Well, I'm a liberal and I've never been able to figure out why all smart people aren't. But, fact remains that smart guys like Boon Mee are of the other persuasion. I figure we all just need to remember one thing: I'm right and he's not.

Works for me.

----------


## The Gent

You guys crack me up - form a comedy routine! :withstupid: 

Goddess...~ 'Mun kong pen bab nan nae' - my pronounciation still sucks but that's because I don't speak Thai 100% of the time.  Thanks for the correction. :Smile:

----------


## Goddess of Whatever

> Thanks for the correction.


My pleasure.

 :Smile:   I think when Farangs try to speak Thai, it's CUTE!
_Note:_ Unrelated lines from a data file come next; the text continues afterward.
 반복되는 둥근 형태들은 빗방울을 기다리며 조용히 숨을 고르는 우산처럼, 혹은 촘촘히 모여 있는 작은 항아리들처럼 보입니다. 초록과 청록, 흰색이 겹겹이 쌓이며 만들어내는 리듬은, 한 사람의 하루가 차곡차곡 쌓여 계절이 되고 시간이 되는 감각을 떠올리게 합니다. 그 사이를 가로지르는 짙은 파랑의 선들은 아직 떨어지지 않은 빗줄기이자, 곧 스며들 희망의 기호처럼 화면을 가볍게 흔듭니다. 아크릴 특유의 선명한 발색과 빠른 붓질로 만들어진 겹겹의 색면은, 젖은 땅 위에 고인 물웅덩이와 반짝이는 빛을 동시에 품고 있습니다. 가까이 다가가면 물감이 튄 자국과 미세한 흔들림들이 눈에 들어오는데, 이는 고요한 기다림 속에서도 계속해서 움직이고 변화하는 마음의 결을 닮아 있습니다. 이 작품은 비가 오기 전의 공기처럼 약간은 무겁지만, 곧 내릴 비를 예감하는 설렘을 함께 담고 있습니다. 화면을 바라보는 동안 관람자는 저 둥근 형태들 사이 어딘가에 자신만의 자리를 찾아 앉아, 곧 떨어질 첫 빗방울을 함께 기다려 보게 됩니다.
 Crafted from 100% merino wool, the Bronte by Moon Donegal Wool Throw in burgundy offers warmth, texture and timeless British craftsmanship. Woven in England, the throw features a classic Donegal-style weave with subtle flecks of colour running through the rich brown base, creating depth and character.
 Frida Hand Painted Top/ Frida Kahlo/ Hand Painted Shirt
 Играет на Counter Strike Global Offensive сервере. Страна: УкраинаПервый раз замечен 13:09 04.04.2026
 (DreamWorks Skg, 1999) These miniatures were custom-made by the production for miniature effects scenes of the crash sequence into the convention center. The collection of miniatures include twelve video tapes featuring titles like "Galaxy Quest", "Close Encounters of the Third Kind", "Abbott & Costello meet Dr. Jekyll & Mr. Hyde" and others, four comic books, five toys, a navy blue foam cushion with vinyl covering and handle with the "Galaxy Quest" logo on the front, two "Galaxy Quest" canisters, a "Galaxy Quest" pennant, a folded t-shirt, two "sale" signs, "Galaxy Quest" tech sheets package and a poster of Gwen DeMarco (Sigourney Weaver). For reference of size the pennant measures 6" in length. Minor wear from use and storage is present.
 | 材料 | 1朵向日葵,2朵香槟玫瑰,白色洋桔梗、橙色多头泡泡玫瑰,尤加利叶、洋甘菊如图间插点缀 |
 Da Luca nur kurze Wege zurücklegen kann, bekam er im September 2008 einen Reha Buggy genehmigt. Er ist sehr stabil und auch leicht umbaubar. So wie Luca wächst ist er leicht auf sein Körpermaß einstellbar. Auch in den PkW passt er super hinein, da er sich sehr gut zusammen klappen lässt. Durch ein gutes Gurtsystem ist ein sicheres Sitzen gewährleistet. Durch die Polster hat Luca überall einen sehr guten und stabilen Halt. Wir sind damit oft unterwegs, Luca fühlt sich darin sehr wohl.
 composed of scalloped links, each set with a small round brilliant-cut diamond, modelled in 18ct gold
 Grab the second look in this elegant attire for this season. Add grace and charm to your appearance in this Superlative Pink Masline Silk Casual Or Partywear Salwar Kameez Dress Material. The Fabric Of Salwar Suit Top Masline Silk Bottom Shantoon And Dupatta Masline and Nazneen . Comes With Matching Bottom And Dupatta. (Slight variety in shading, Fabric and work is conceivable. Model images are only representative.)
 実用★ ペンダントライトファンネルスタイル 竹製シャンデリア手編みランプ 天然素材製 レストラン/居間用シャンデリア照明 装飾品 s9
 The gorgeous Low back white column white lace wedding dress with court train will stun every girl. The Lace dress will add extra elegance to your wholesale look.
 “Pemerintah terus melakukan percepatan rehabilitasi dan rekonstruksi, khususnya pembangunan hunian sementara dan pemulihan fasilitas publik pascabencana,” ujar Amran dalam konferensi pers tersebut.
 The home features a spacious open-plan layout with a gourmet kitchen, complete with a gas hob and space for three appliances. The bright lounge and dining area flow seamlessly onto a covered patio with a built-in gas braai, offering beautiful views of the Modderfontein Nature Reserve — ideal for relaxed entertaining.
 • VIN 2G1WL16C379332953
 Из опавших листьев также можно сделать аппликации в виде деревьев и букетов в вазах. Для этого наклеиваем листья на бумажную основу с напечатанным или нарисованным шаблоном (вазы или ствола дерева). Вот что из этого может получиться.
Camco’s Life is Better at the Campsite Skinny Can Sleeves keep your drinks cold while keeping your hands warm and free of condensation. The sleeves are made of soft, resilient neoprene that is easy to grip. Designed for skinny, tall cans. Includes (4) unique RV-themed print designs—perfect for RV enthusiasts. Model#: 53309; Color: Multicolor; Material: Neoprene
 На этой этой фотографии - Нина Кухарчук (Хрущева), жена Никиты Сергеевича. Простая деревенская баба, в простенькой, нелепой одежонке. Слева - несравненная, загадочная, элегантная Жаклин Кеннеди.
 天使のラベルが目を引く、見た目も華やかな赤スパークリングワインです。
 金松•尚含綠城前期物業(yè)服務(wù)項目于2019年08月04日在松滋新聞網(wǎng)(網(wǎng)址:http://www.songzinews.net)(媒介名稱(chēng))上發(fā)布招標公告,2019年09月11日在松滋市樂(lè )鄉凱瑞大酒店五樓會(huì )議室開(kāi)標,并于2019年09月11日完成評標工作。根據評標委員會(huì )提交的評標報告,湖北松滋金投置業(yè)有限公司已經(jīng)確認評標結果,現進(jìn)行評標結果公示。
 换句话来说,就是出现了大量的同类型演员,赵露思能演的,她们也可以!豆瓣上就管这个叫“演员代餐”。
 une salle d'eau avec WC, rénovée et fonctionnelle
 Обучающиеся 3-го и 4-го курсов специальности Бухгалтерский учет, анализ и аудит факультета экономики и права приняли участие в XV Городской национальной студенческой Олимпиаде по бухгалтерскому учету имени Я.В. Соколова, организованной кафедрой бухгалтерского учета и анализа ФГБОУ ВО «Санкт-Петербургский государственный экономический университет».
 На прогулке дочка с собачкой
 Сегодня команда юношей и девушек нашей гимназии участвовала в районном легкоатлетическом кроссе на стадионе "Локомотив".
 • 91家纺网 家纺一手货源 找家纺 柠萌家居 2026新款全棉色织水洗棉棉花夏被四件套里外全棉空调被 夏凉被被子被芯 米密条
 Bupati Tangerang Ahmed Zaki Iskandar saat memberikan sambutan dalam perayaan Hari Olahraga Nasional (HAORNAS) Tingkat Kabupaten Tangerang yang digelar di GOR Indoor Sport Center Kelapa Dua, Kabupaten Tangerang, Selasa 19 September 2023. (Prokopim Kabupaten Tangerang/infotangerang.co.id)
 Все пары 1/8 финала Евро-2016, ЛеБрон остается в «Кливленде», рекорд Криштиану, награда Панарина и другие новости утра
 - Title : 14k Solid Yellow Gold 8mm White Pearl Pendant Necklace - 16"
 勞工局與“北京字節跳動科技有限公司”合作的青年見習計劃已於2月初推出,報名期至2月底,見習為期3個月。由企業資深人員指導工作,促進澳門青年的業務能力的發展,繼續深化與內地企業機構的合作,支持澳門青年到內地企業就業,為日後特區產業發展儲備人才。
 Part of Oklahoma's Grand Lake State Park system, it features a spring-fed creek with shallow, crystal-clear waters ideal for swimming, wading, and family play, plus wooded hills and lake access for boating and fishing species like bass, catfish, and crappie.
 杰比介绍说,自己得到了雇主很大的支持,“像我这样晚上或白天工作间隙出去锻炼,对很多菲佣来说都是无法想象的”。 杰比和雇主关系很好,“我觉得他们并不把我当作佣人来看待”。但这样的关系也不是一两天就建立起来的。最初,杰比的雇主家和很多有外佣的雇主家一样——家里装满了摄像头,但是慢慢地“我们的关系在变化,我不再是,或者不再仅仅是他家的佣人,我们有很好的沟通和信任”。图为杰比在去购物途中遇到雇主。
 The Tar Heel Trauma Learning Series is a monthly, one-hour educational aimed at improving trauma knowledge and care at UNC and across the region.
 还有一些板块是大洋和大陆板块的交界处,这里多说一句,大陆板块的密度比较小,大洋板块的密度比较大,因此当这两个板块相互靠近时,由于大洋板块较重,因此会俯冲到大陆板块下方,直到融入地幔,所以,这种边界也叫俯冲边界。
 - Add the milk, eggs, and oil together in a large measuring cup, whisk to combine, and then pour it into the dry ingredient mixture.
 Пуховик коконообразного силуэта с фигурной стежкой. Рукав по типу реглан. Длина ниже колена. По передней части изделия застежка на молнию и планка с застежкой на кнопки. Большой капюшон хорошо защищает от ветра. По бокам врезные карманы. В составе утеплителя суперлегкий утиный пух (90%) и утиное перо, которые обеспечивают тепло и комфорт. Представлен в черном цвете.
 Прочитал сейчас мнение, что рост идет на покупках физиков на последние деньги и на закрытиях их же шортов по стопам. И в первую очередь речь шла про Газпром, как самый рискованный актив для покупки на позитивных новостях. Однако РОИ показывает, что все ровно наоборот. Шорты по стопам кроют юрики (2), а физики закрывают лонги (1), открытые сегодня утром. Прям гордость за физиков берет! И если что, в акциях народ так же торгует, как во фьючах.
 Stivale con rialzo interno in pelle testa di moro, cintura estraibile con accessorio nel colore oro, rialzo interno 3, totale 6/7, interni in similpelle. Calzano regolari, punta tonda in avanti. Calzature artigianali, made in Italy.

That means, you are cute, The Gent!
 :Wink:

----------


## ChiangMai noon

> *I wish I could memorize the Thai alphabet.* I can read quite a bit now, but learning that alphabet has proved to be an impossible quest. Old dog, new tricks.


Don't really need to.

Start with 10 or so consonants and a couple of vowels and you are on your way. add to it gradually.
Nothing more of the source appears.